An iceberg is melting faster than conventional models report, according to a new study by mathematics at the University of Sydney. The researchers have proposed a new model to represent the melting speed of icebergs to oceans.
Their findings, published in Wet corporate review, has an impact on seafarers and climate scientists.
Lead author and PhD student Eric Hester said: “While an iceberg is only one part of the global climate system, our developed model provides us with a dial that we can tune to conventional climate. to capture the changing climate of the Earth. ”
Conventional models, incorporated into the approach taken by the Intergovernmental Panel on Climate Change, assume that an iceberg is melting uniformly in currents. ocean. However, Mr Hester and his colleagues have shown that an iceberg does not melt uniformly and melts at different speeds depending on the shape.
“Polar ice sheets contain around 70 per cent of the world’s freshwater and we know that climate change is causing these ice sheets to decline,” said Mr Hester, a doctoral student at the School. Mathematics & Statistics.
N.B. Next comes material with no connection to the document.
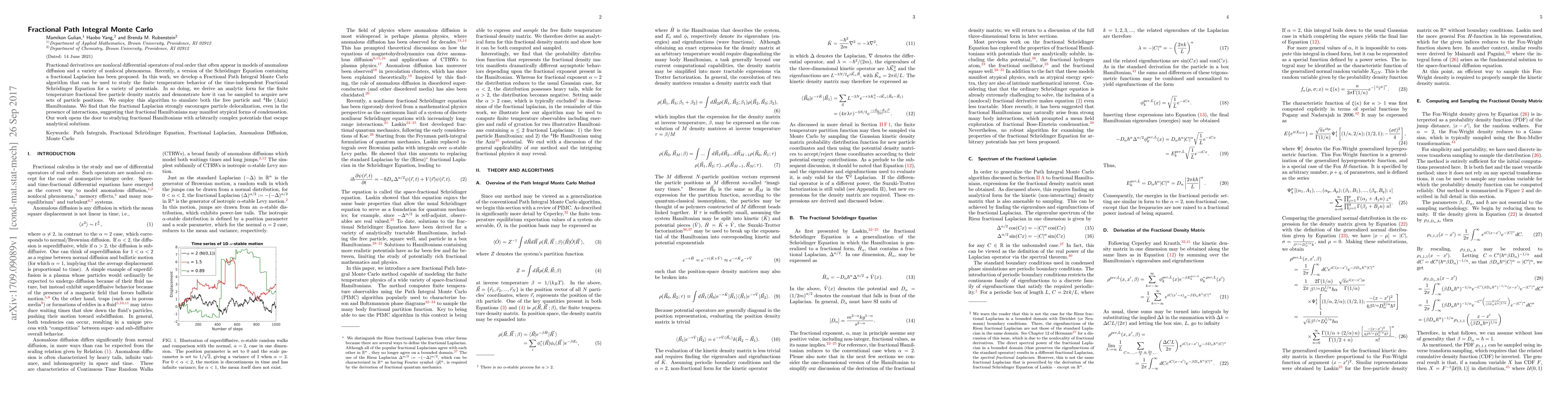 Fractional derivatives are nonlocal differential operators of real order that often appear in models of anomalous diffusion and a variety of nonlocal phenomena. Recently, a version of the Schr\"odinger Equation containing a fractional Laplacian has been proposed. In this work, we develop a Fractional Path Integral Monte Carlo algorithm that can be used to study the finite temperature behavior of the time-independent Fractional Schr\"odinger Equation for a variety of potentials. In so doing, we derive an analytic form for the finite temperature fractional free particle density matrix and demonstrate how it can be sampled to acquire new sets of particle positions. We employ this algorithm to simulate both the free particle and $^{4}$He (Aziz) Hamiltonians. We find that the fractional Laplacian strongly encourages particle delocalization, even in the presence of interactions, suggesting that fractional Hamiltonians may manifest atypical forms of condensation. Our work opens the door to studying fractional Hamiltonians with arbitrarily complex potentials that escape analytical solutions.

“Some of this ice loss is straight from the ice sheets, but about half of the total ice loss from Greenland and Antarctica occurs when an iceberg melts in the ocean, so it’s understandable. this process is important.
“Our model shows that an iceberg is melting at faster rates than conventional models,” he said.
In addition to his importance for shaping the changing nature of ice sheets, Mr Hester said his research would help us better understand the effects of ice melting on ocean currents.
“Ocean circulation is the reason Britain is not as cold as Alberta, Canada, despite being at the same level,” Mr Hester said.
The Gulf Stream, which brings warmer water from the tropics across the Atlantic, keeps western Europe calmer than it would otherwise be, he said.
“That flow could be closed if too much fresh water is thrown into the system at one time, so it’s vital that we understand the process of iceberg and ice melting.”
Where and when the freshwater is released, and how it affects the ocean, depends in part on the rate at which an iceberg melts.
Co-author Dr Geoffrey Vasil from the University of Sydney said: “Previous work involving the inclusion of an iceberg in climate simulations has used very simple melting models. We wanted to see how accurate these were and if we could make progress on them. ”
Mr Hester said their models have been tested in a trial – and collectors’ comments show that the sides of icebergs are melting about twice as fast as their base. For an ocean-moving iceberg, melting at the front can be three or four times faster than the old models predicted.
“The old models assumed that there was an iceberg of stationery will not melt at all, but our tests show a melting point of about a millimeter per minute, ”said Mr Hester.
“In an iceberg moving in oceans, the melting at the base can be up to 30 percent faster than in older models.”
The research shows that the shape of an iceberg is important. As the sides melt faster, a wide iceberg melts more slowly but a narrower iceberg melts faster.
“Our paper proposes a very simple model that describes the shape of an iceberg, as a prototype for an improved model of iceberg melting,” said Dr Vasil.
To test these models, the researchers first developed small samples of ice dissolved in salt water.
“We are confident that this modeling captures enough of the complexity so that we now have a better way of explaining how an iceberg is melting,” said Mr Hester.
Dr Vasil, Mr Hester’s PhD supervisor, said: “Before Eric embarked on his PhD, the computer devices to model these systems did not exist.
“Eric took a very simple prototype and made it work wonderfully on the complex ice-melting problem.”
Dr Vasil said these techniques can be applied to many other systems, including melting glaciers or melting frozen sea ice.
“But it doesn’t end there. Astrobiologists could use his techniques to better understand ice branches such as Enceladus Saturn, a candidate for finding life elsewhere in the Solar System. ”
The research was conducted in collaboration with scientists from the British Antarctic Study, the University of Canterbury in New Zealand and the Woods Hole Institute of Marine Science in Massachusetts, USA.
DOWNLOAD video of the exam, the academic paper and photos at this link.
EMBED YouTube video description (30 seconds) at this link.
READ an article about the research by the American Corporate Association at this link.